Task details -
Copy task, pictures excluded: set down exactly the lines from the one containing "Мы вдохнули новую" to the end of the data below.

++++

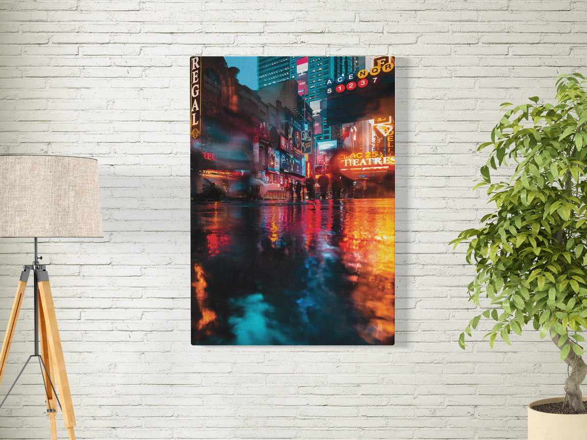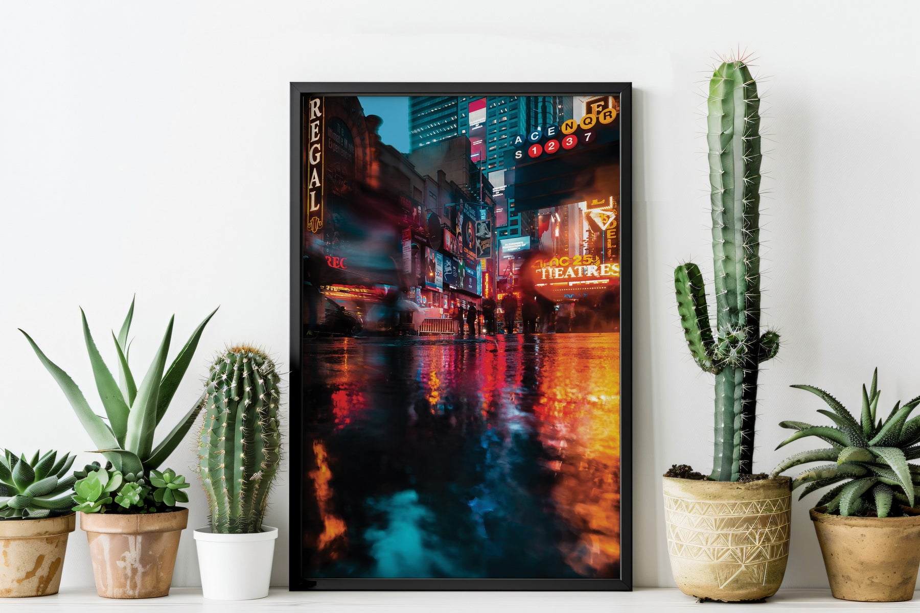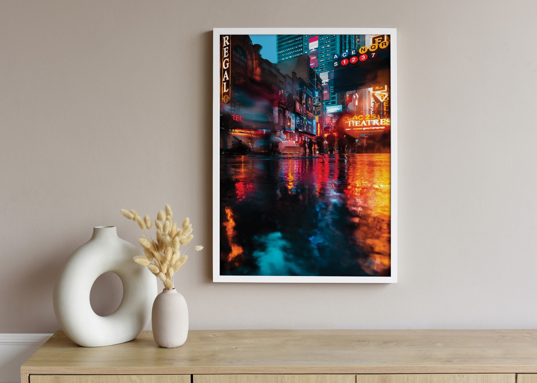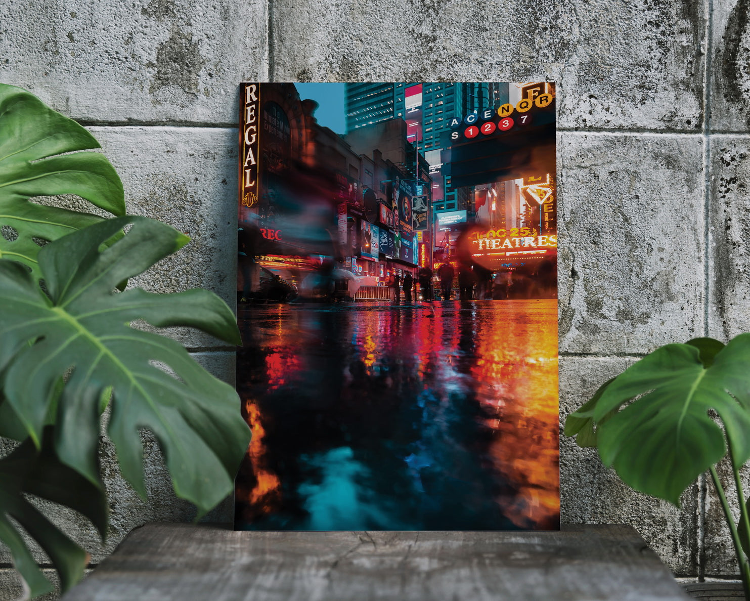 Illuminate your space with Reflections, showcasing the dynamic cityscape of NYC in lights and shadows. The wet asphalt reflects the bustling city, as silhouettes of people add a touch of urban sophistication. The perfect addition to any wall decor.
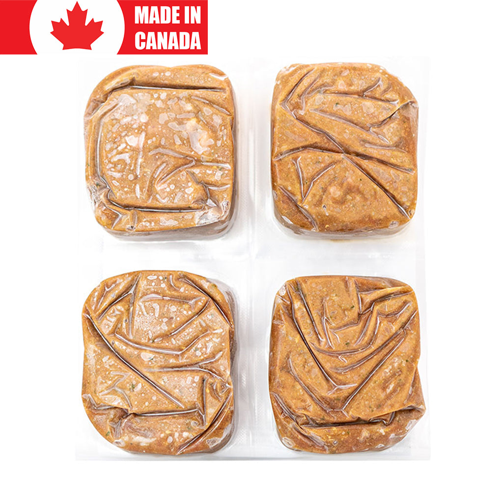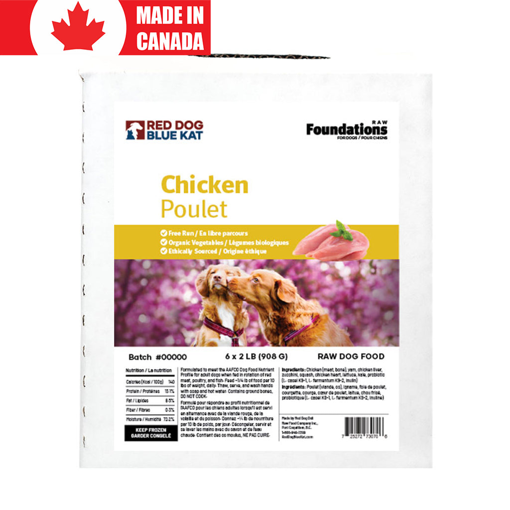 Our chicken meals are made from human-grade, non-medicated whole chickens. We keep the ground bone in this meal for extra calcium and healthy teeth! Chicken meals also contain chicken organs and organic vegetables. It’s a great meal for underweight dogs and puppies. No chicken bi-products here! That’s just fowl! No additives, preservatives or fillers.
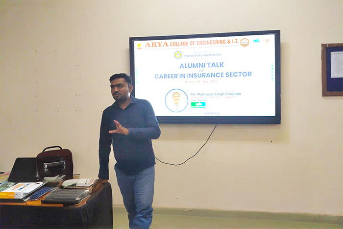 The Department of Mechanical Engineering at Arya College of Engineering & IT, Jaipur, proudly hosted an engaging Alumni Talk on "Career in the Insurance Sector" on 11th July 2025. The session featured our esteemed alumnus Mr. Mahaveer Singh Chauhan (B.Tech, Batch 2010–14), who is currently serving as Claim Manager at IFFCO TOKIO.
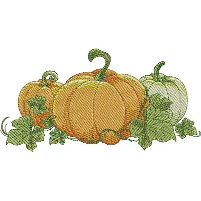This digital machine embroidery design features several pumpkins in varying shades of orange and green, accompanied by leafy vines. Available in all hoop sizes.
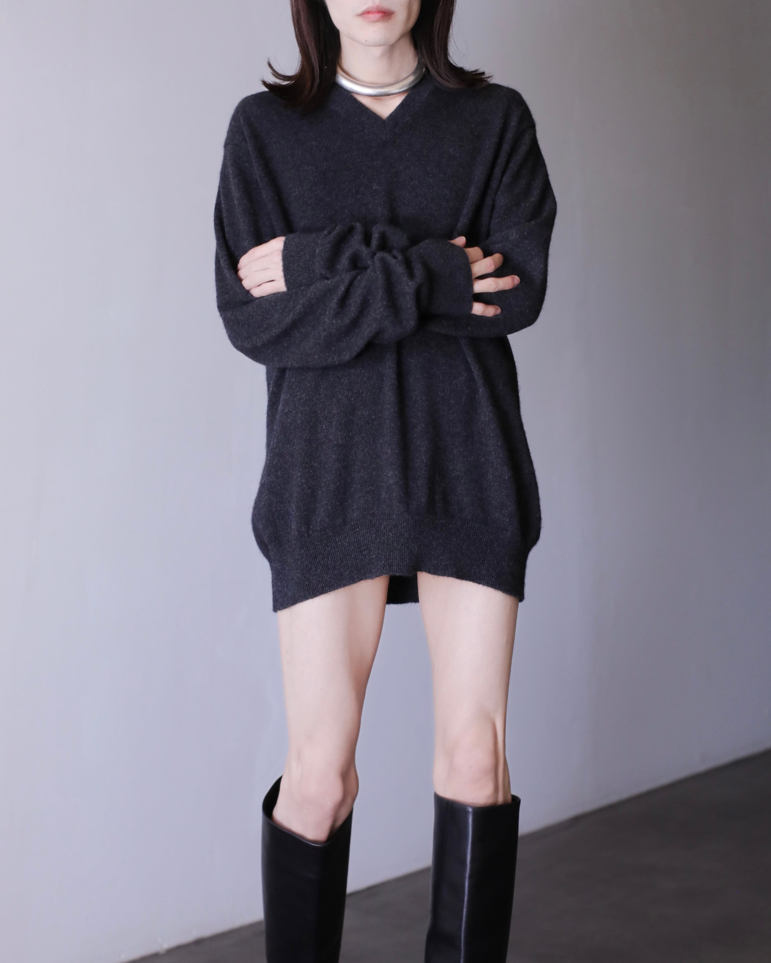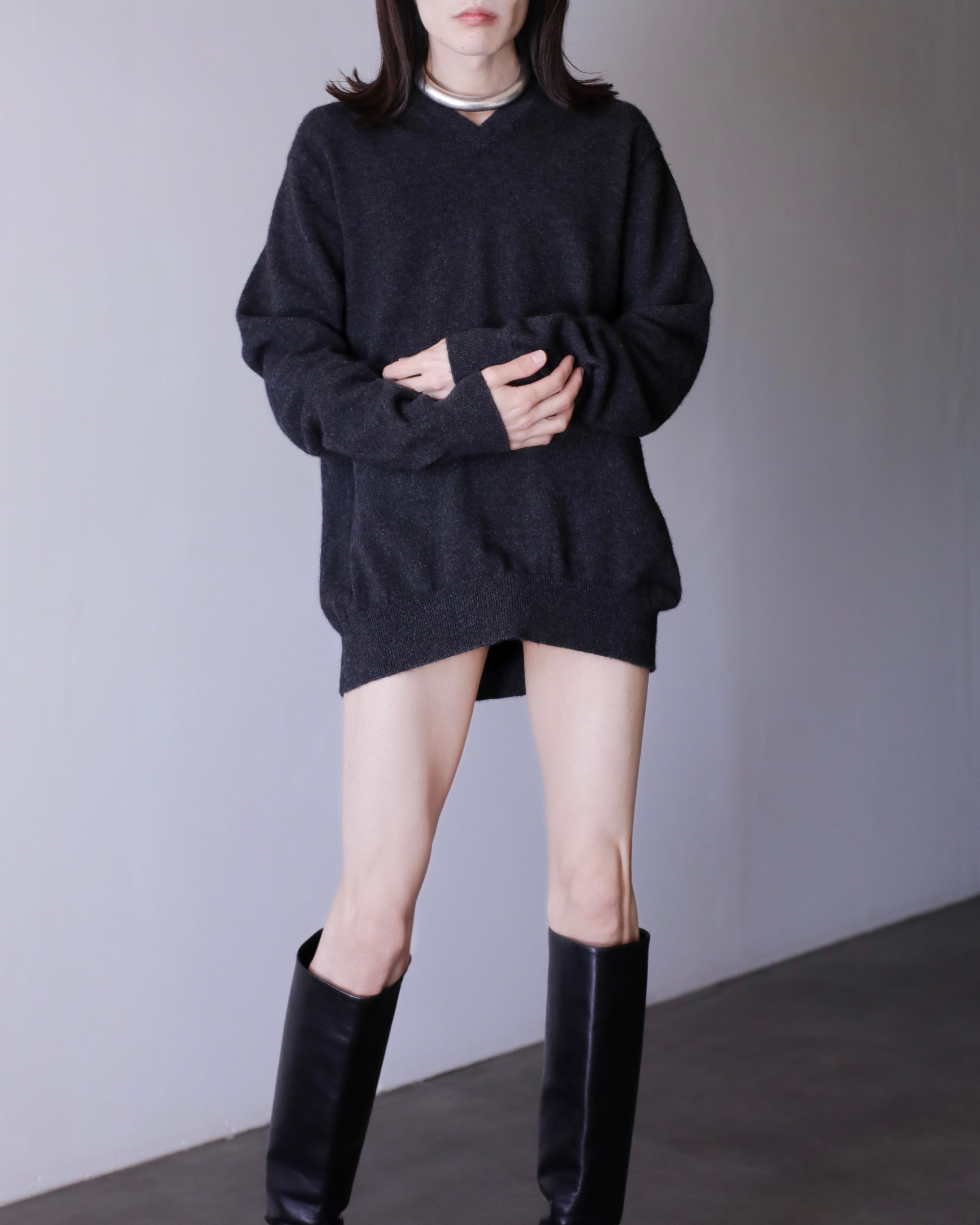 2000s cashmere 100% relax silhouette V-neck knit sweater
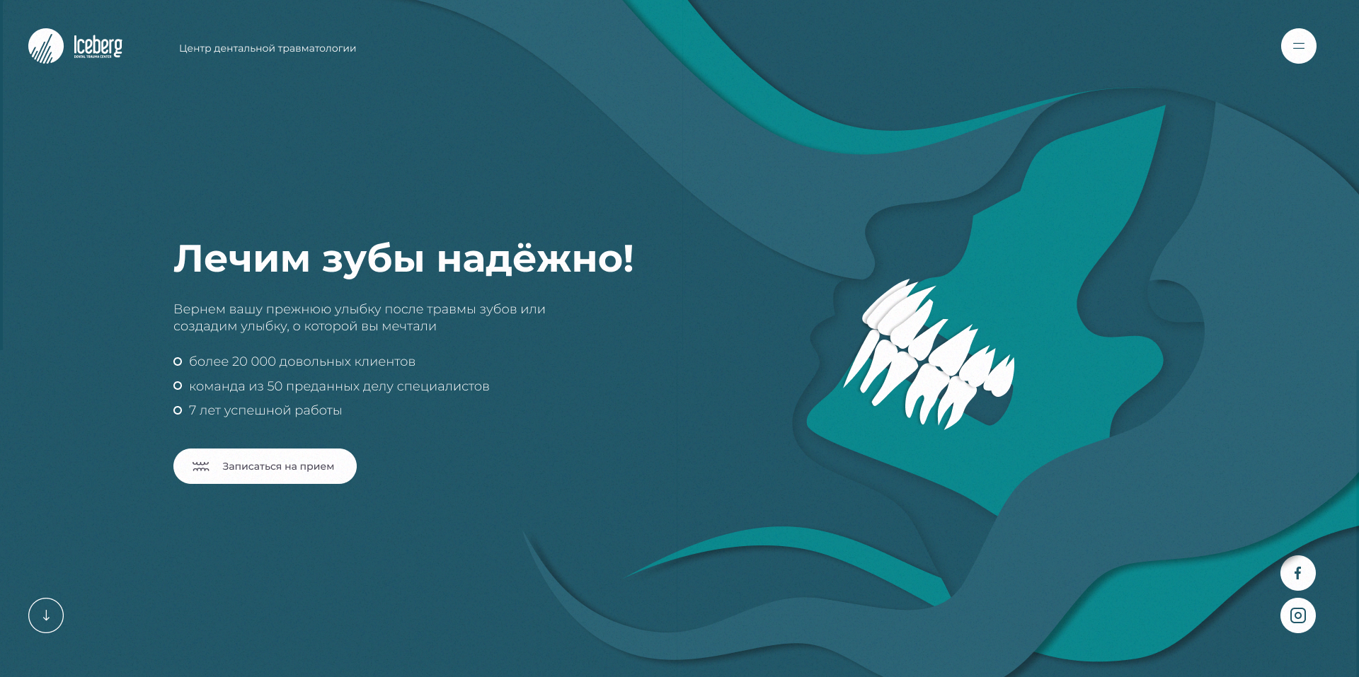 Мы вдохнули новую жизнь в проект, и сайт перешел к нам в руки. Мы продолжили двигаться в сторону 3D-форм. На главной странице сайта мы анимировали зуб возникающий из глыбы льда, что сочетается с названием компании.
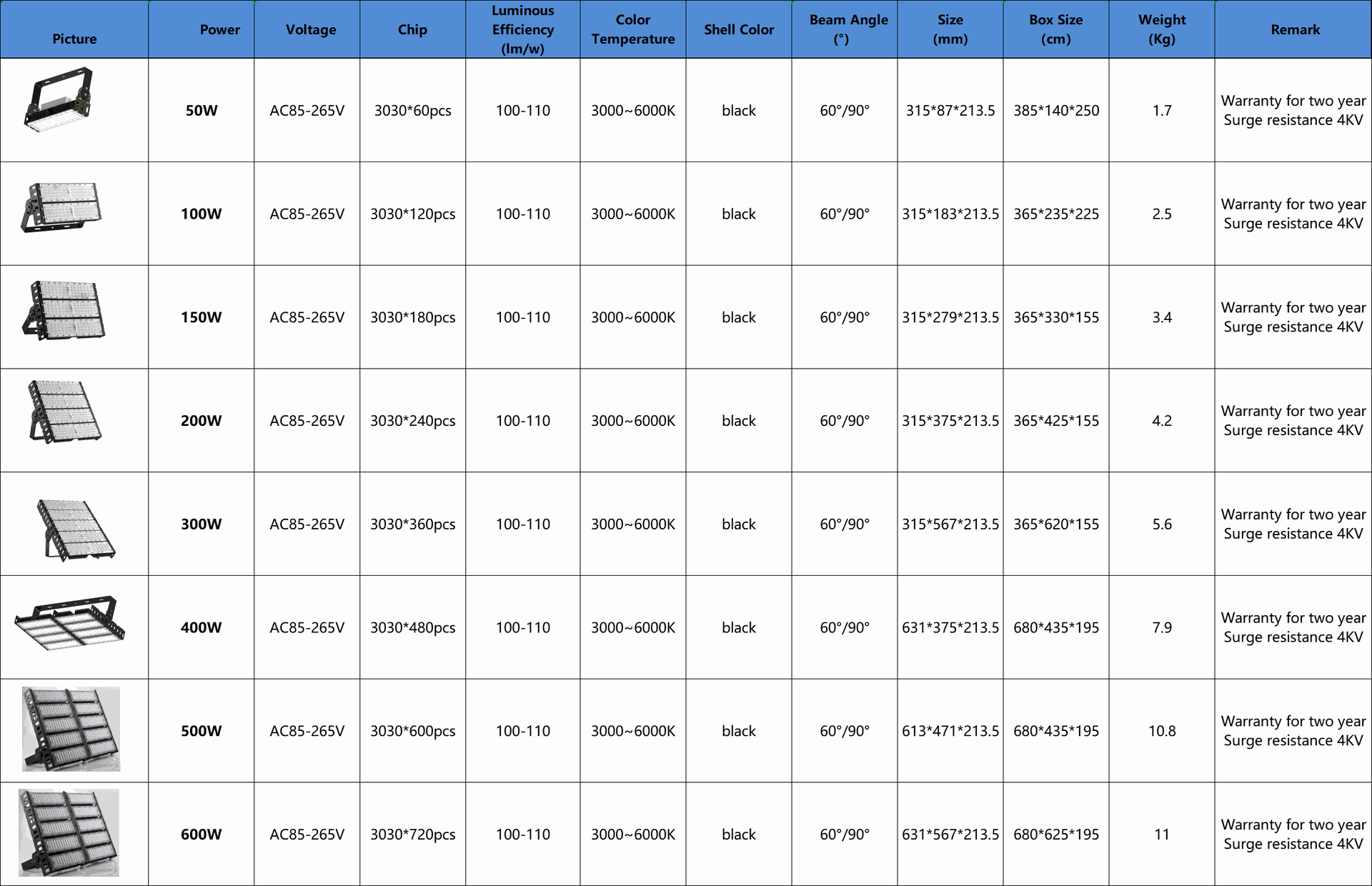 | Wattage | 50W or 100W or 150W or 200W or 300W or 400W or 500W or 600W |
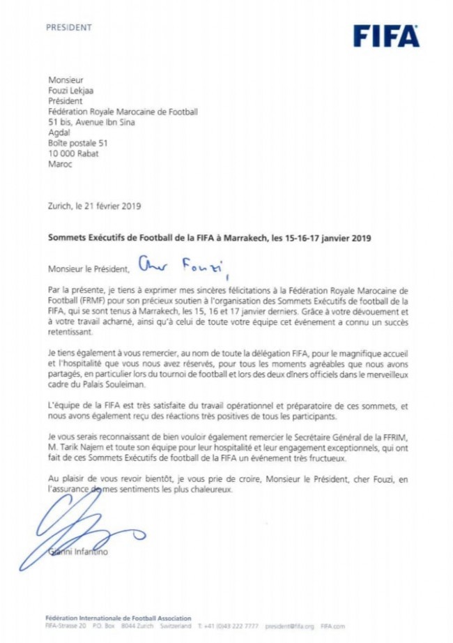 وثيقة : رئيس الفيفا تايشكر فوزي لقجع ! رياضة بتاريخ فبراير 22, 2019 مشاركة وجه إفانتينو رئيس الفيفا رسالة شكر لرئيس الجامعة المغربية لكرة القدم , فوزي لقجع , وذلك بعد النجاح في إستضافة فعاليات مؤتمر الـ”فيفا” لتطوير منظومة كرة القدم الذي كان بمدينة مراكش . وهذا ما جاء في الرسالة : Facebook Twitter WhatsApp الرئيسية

++++

Written answer -
 Мы вдохнули новую жизнь в проект, и сайт перешел к нам в руки. Мы продолжили двигаться в сторону 3D-форм. На главной странице сайта мы анимировали зуб возникающий из глыбы льда, что сочетается с названием компании.
 | Wattage | 50W or 100W or 150W or 200W or 300W or 400W or 500W or 600W |
 وثيقة : رئيس الفيفا تايشكر فوزي لقجع ! رياضة بتاريخ فبراير 22, 2019 مشاركة وجه إفانتينو رئيس الفيفا رسالة شكر لرئيس الجامعة المغربية لكرة القدم , فوزي لقجع , وذلك بعد النجاح في إستضافة فعاليات مؤتمر الـ”فيفا” لتطوير منظومة كرة القدم الذي كان بمدينة مراكش . وهذا ما جاء في الرسالة : Facebook Twitter WhatsApp الرئيسية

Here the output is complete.